▶ _Information shown_:
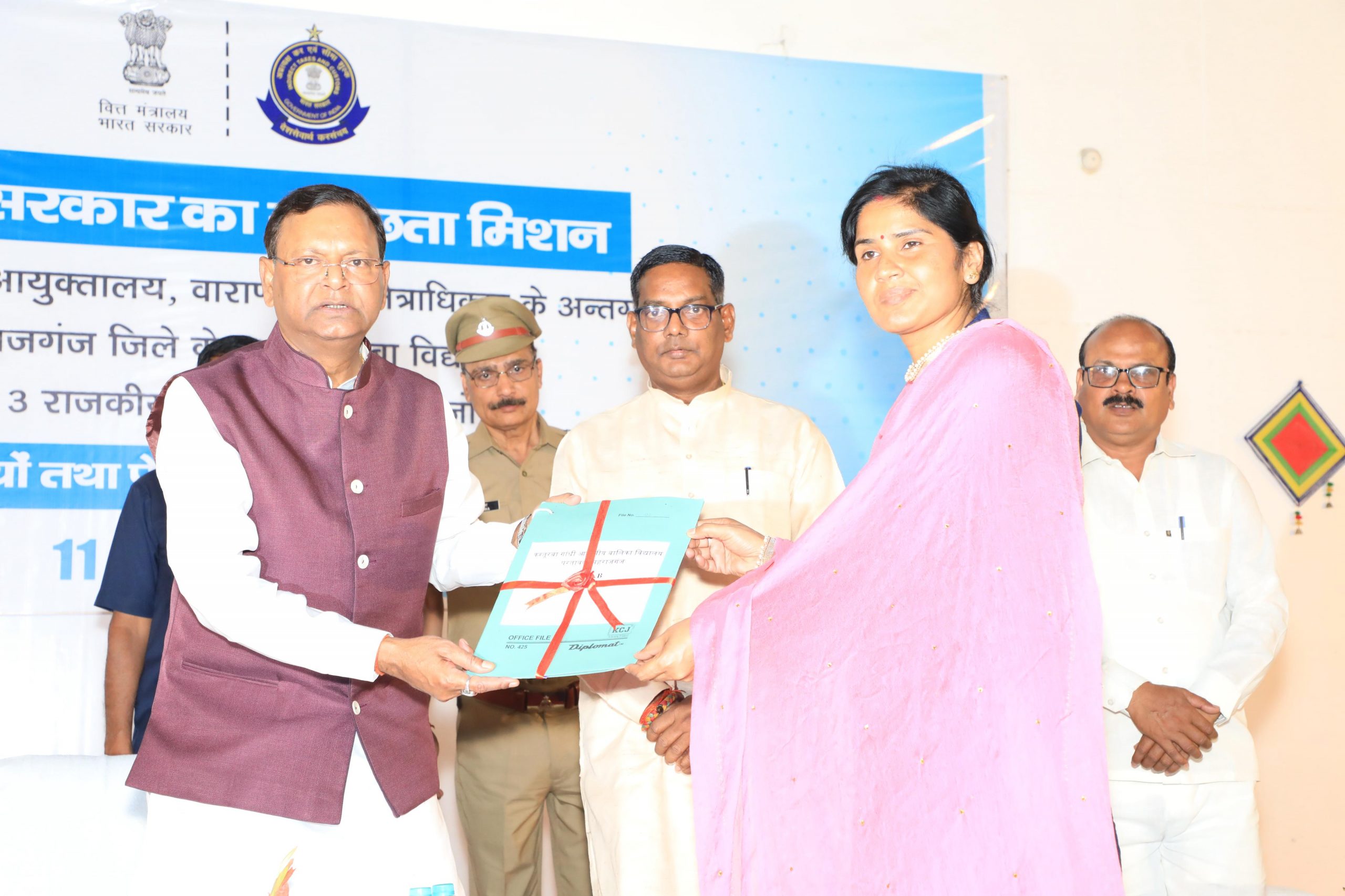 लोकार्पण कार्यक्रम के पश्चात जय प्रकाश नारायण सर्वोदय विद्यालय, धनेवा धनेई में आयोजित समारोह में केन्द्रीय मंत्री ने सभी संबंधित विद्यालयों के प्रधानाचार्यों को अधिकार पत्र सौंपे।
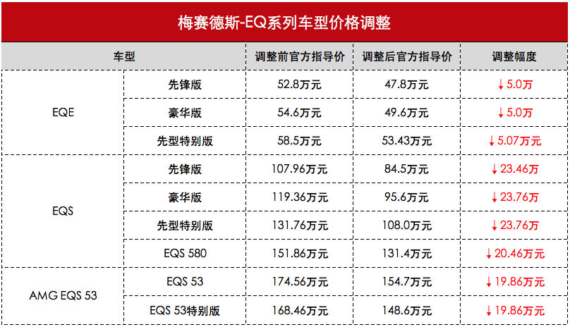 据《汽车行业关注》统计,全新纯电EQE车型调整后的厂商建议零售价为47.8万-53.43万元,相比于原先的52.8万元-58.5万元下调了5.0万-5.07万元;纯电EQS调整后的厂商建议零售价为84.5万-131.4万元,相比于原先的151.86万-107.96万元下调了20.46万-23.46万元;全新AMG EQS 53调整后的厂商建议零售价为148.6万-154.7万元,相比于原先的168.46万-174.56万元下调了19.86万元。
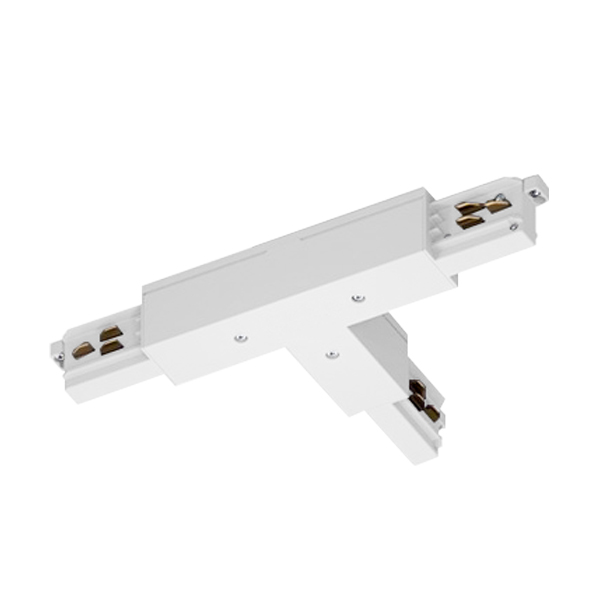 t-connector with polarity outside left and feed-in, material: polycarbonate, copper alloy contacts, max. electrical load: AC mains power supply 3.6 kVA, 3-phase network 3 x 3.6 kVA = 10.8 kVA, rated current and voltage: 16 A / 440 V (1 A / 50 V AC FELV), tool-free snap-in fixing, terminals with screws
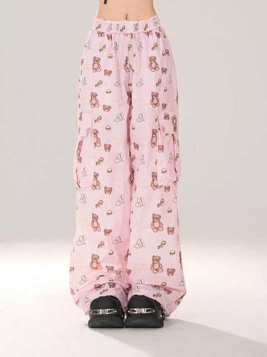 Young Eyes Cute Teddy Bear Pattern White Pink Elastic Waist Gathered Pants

▶ _What is expected_: Output the full material exactly as given, without its pictures.

▶ _Solution to this problem_:
 लोकार्पण कार्यक्रम के पश्चात जय प्रकाश नारायण सर्वोदय विद्यालय, धनेवा धनेई में आयोजित समारोह में केन्द्रीय मंत्री ने सभी संबंधित विद्यालयों के प्रधानाचार्यों को अधिकार पत्र सौंपे।
 据《汽车行业关注》统计,全新纯电EQE车型调整后的厂商建议零售价为47.8万-53.43万元,相比于原先的52.8万元-58.5万元下调了5.0万-5.07万元;纯电EQS调整后的厂商建议零售价为84.5万-131.4万元,相比于原先的151.86万-107.96万元下调了20.46万-23.46万元;全新AMG EQS 53调整后的厂商建议零售价为148.6万-154.7万元,相比于原先的168.46万-174.56万元下调了19.86万元。
 t-connector with polarity outside left and feed-in, material: polycarbonate, copper alloy contacts, max. electrical load: AC mains power supply 3.6 kVA, 3-phase network 3 x 3.6 kVA = 10.8 kVA, rated current and voltage: 16 A / 440 V (1 A / 50 V AC FELV), tool-free snap-in fixing, terminals with screws
 Young Eyes Cute Teddy Bear Pattern White Pink Elastic Waist Gathered Pants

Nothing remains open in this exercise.